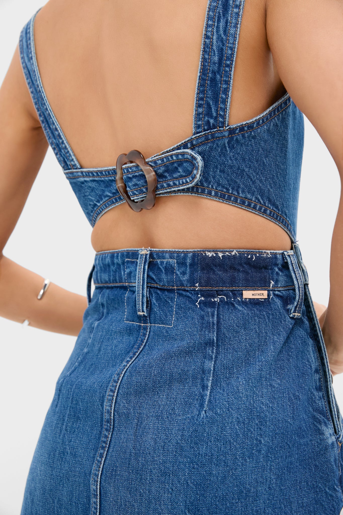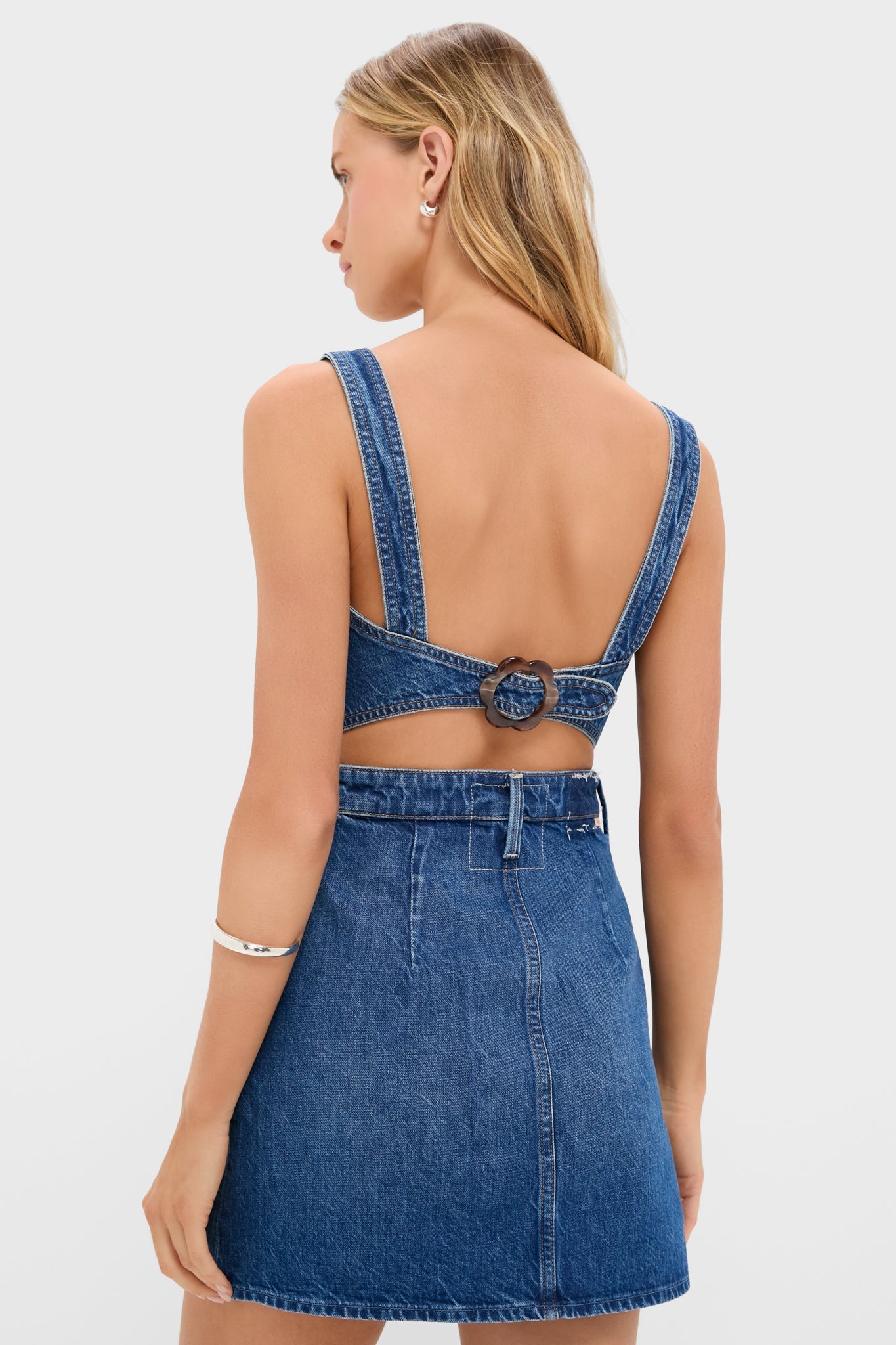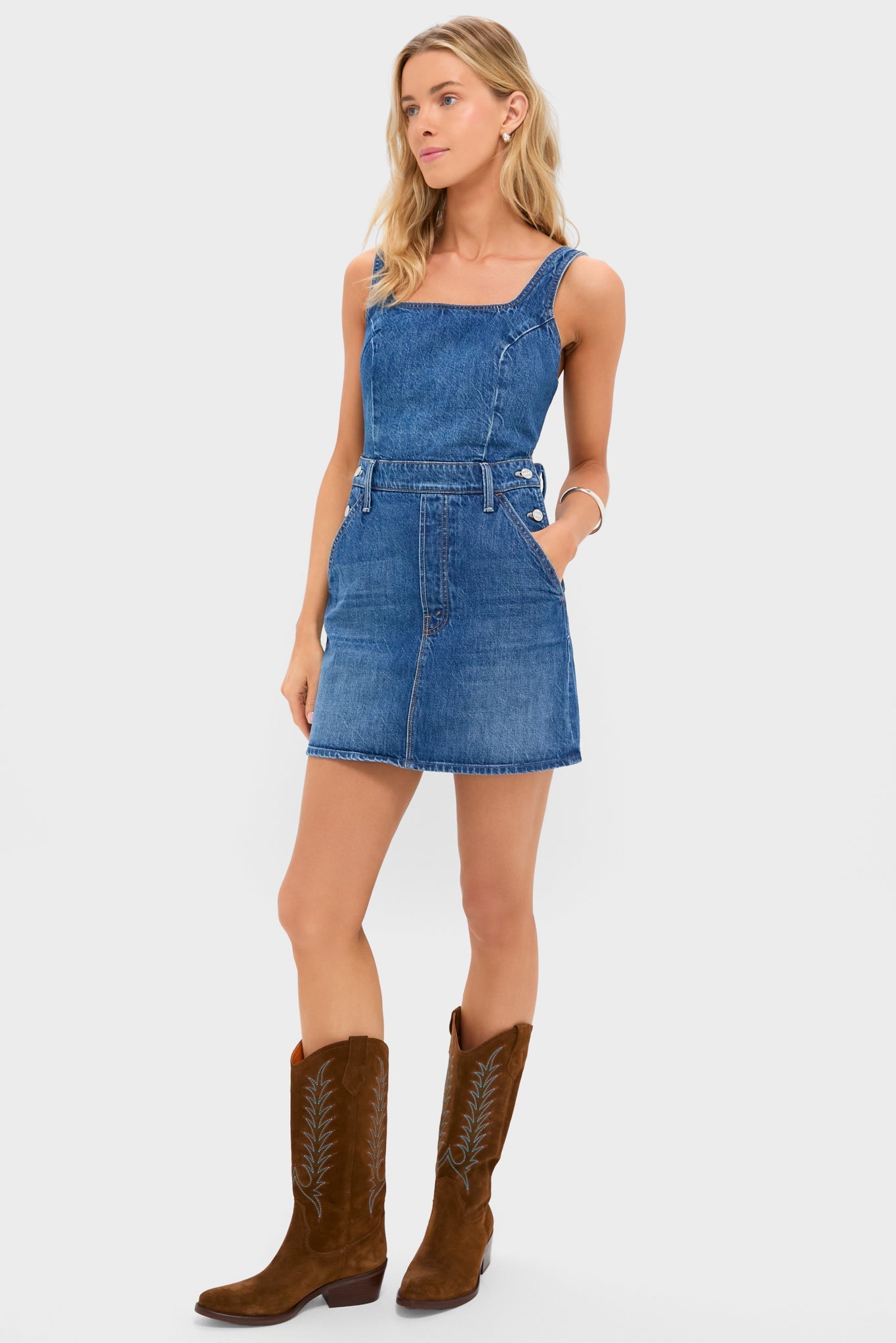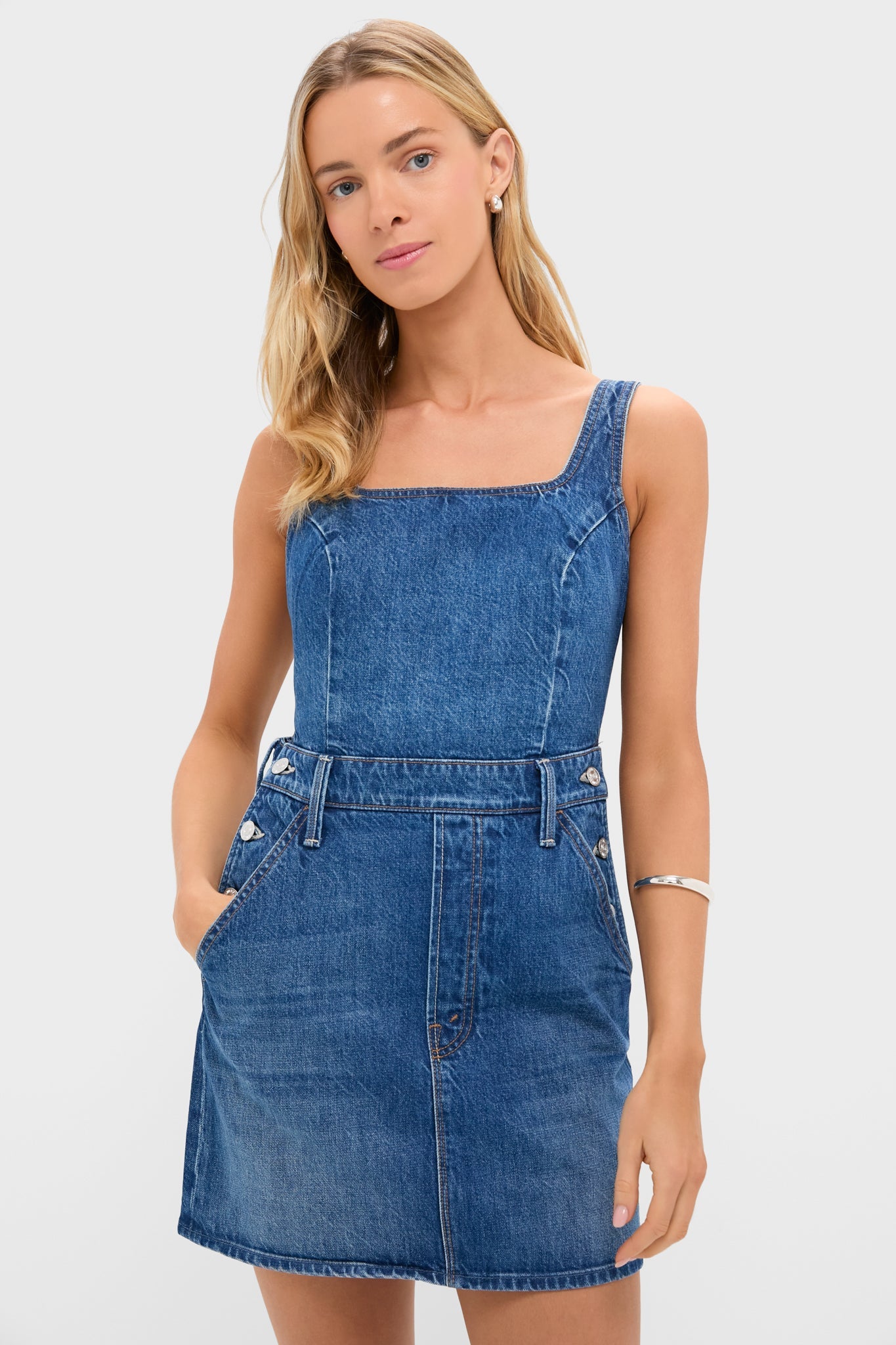 Introducing The Over It: A sleeveless denim mini dress with a square neck, fitted bodice that's adjustable in the back, slit pockets, and a thigh grazing hem. Flirty and nostalgic, it is perfect for pairing with cowgirl boots or sandals for endless summer occasions.
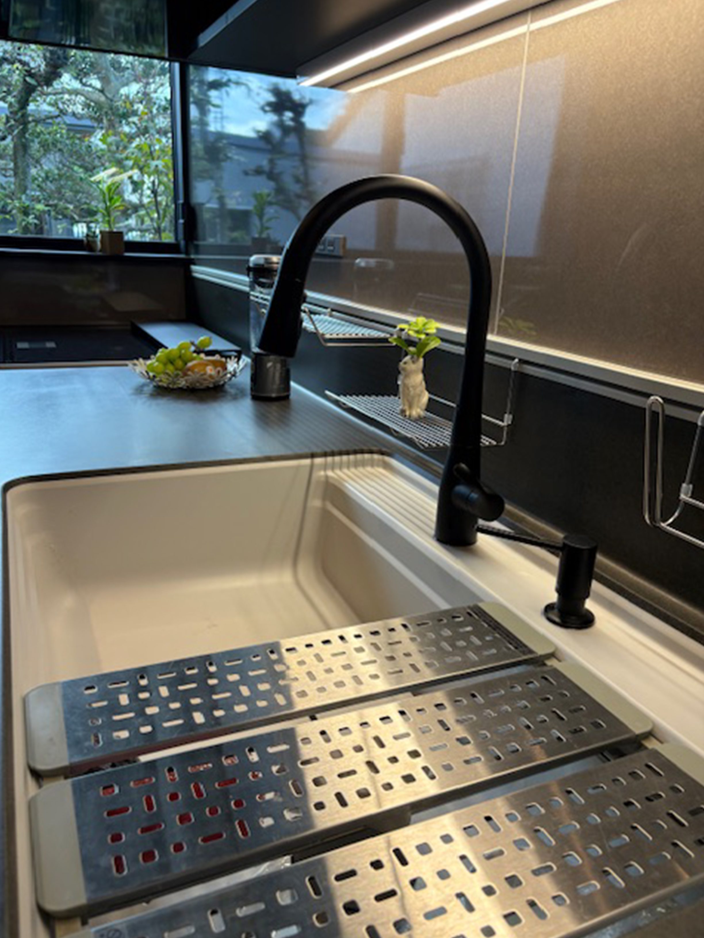 フォールディングプレートやフォールディングラックをセットすることによりシンク内で材料のカット、水切りや食材の一時置きなど調理作業ができるのでとても便利です。壁との段差がないハイバックカウンターは汚れが溜まりにくく、専用のハンガーアイテムで浮かせ置きでき、お手入れがとても簡単です。
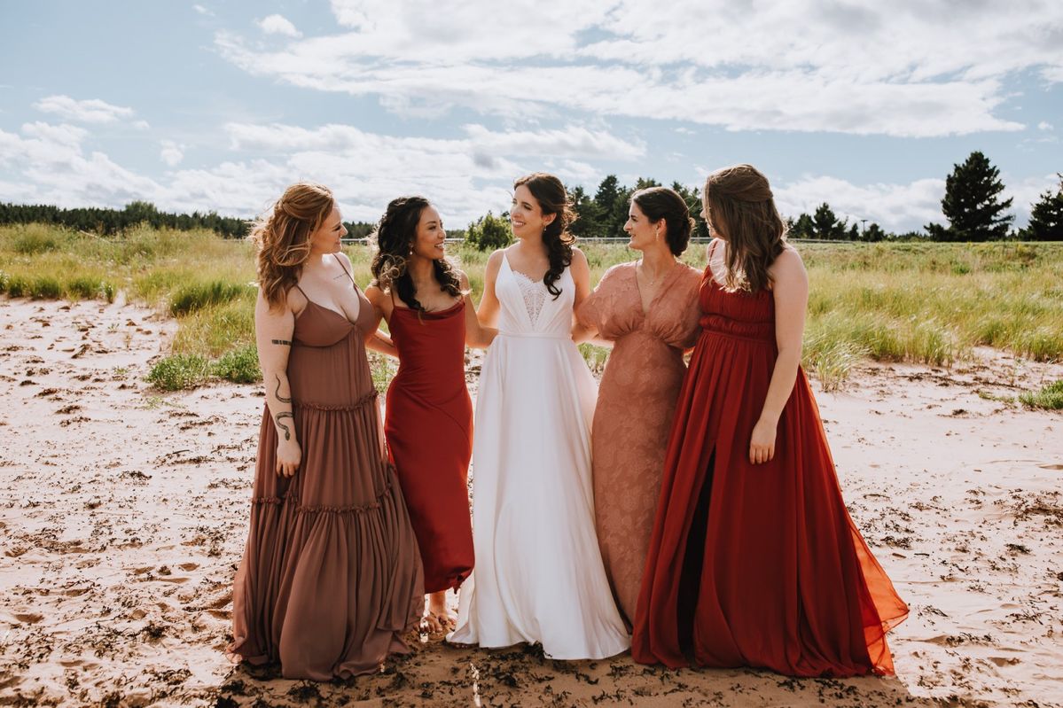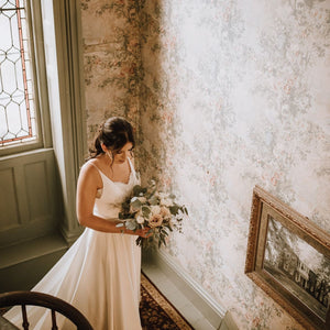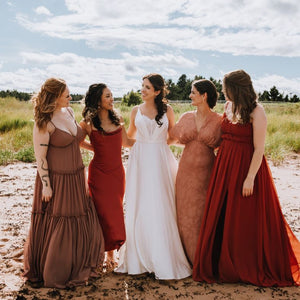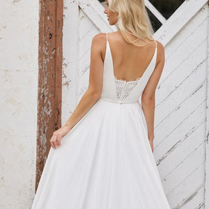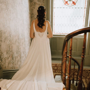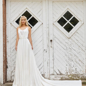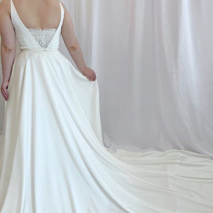 Equal parts simple and flirty. This lightweight gown features soft and buttery satin in a flowing a-line silhouette with a dramatic long train. But it's the details for us with a romantic lace sweetheart neckline and delicate spaghetti straps.
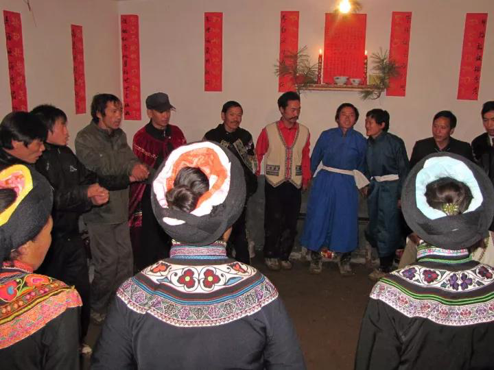 4、阿買(mǎi)懇的民俗價(jià)值。阿買(mǎi)懇的僅程序性的禮儀就幾十項(xiàng),里面有提及了許多禮俗方面的知識(shí),如司禮堂(濯嘎)的門(mén)要設(shè)三道,每道的位置都很講究,還有根據(jù)身份設(shè)座次,座次也很規(guī)矩,敬酒也專(zhuān)門(mén)有敬酒的禮儀等。因此,通過(guò)研究阿買(mǎi)懇,就可以窺探彝族的許多禮俗了。
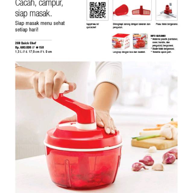 Tupperware menghadirkan quick chef sebuah produk inovasi alat pengolah bahan makanan serbaguna tanpa listrik yang nyaman dan mudah untuk digunakan gampang dibersihkan serta mampu menghemat lebih banyak waktu saat memasak di dapur.
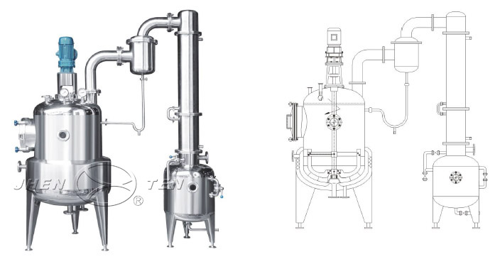 本設備主要包括濃縮罐、冷凝器、汽液分離器、冷卻器、集液器五部件,濃縮罐為夾套結構,冷凝器為列管式,冷卻器為盤管式結構。本設備適用于制藥、食品、化工等行業(yè)對料液的濃縮,并且可作為回收酒精和簡單的回流提取之用。設備與物料接觸部分均采用不銹鋼制造,具有良好的耐腐性,符合GMP標準要求。

◇ ◇ ◇

YOUR INSTRUCTIONS:
With the images excluded, all entries are to be given again exactly.

WRITTEN ANSWER:
 Introducing The Over It: A sleeveless denim mini dress with a square neck, fitted bodice that's adjustable in the back, slit pockets, and a thigh grazing hem. Flirty and nostalgic, it is perfect for pairing with cowgirl boots or sandals for endless summer occasions.
 フォールディングプレートやフォールディングラックをセットすることによりシンク内で材料のカット、水切りや食材の一時置きなど調理作業ができるのでとても便利です。壁との段差がないハイバックカウンターは汚れが溜まりにくく、専用のハンガーアイテムで浮かせ置きでき、お手入れがとても簡単です。
 Equal parts simple and flirty. This lightweight gown features soft and buttery satin in a flowing a-line silhouette with a dramatic long train. But it's the details for us with a romantic lace sweetheart neckline and delicate spaghetti straps.
 4、阿買(mǎi)懇的民俗價(jià)值。阿買(mǎi)懇的僅程序性的禮儀就幾十項(xiàng),里面有提及了許多禮俗方面的知識(shí),如司禮堂(濯嘎)的門(mén)要設(shè)三道,每道的位置都很講究,還有根據(jù)身份設(shè)座次,座次也很規(guī)矩,敬酒也專(zhuān)門(mén)有敬酒的禮儀等。因此,通過(guò)研究阿買(mǎi)懇,就可以窺探彝族的許多禮俗了。
 Tupperware menghadirkan quick chef sebuah produk inovasi alat pengolah bahan makanan serbaguna tanpa listrik yang nyaman dan mudah untuk digunakan gampang dibersihkan serta mampu menghemat lebih banyak waktu saat memasak di dapur.
 本設備主要包括濃縮罐、冷凝器、汽液分離器、冷卻器、集液器五部件,濃縮罐為夾套結構,冷凝器為列管式,冷卻器為盤管式結構。本設備適用于制藥、食品、化工等行業(yè)對料液的濃縮,并且可作為回收酒精和簡單的回流提取之用。設備與物料接觸部分均采用不銹鋼制造,具有良好的耐腐性,符合GMP標準要求。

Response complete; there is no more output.